Primarily, India’s per capita carbon footprint is far less than any of the major polluters. As Prime Minister Narendra Modi pointed out in his address to the summit during his flying visit, India may be the world’s most populous country housing 17 per cent of the world’s 8.1 billion people, but it is responsible only for about four percent of global emissions.
The second factor in the energy scenario is India’s rising electricity consumption might preclude it from committing to meet more of it from renewable sources in the short term. India’s dependence on coal can only be seen rising to accommodate the near seven per cent rise in annual consumption as the economy grows.

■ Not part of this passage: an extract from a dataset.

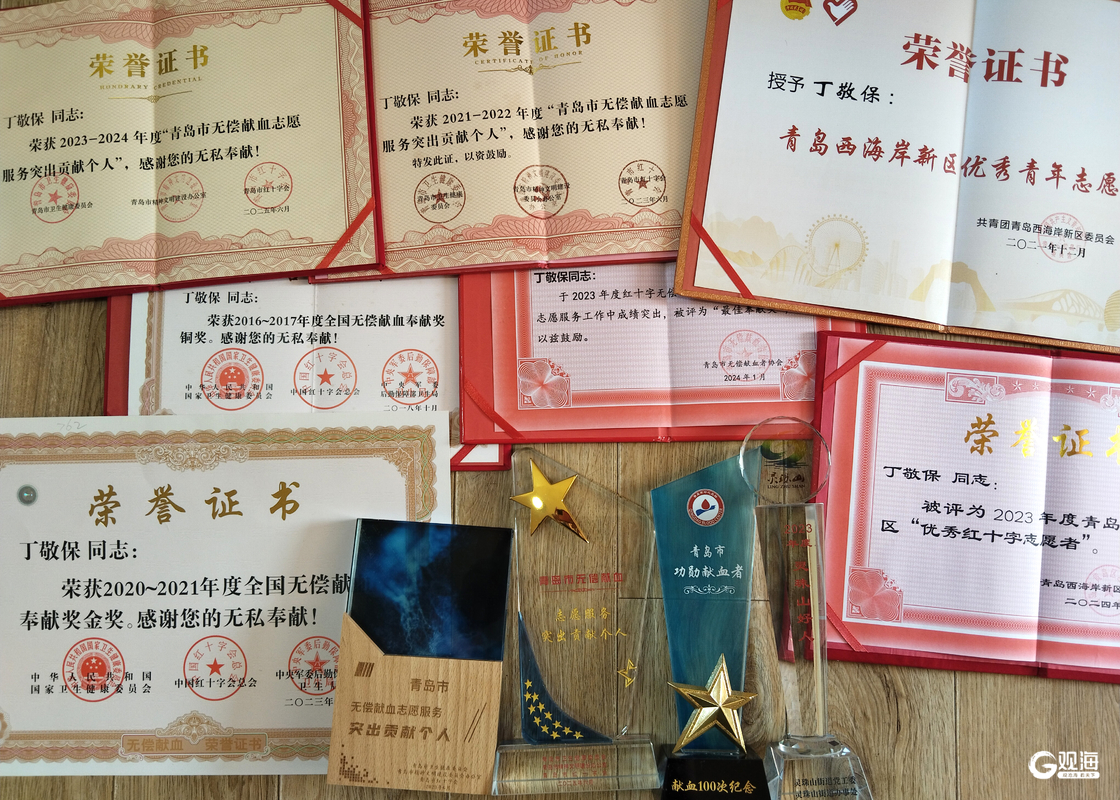 从“全国无偿献血奉献奖”到“青岛市无偿献血志愿服务突出贡献个人”,从“优秀青年志愿者”到“优秀红十字会志愿者”——一张张证书、一座座奖杯,不仅记录着他从普通献血者到“生命模范”的升华之路,也见证着一份平凡中的伟大。

It has installed 170 KW capacity from renewable sources and is committed to almost triple that to 500 KW by 2030. The difference would not be impossible to bridge when it comes to tripling its energy from low carbon sources, including hydroelectric, to 540 KW to keep in step with global ambitions.
It may be paradoxical that India, when holding the G20 presidency for the year, had promoted the idea of this pledge. But, as in stating its desire to host the climate summit in 2028, India had shown that it stays committed to helping keep the planet under the warming limits that scientists believe may do lesser harm to the environment and try and lessen the possibly five million premature deaths a year that can be attributed to air pollution from burning fossil fuels of coal, oil, and gas.
The thrust of COP28 will be to sort the big issue of equitable financing for climate action, besides technology, innovation, inclusion, and frontline communities that are to be discussed before it winds down on Dec. 12. India will still aim to be a major partner to the efforts needed to try and keep warming under the 1.5 C threshold.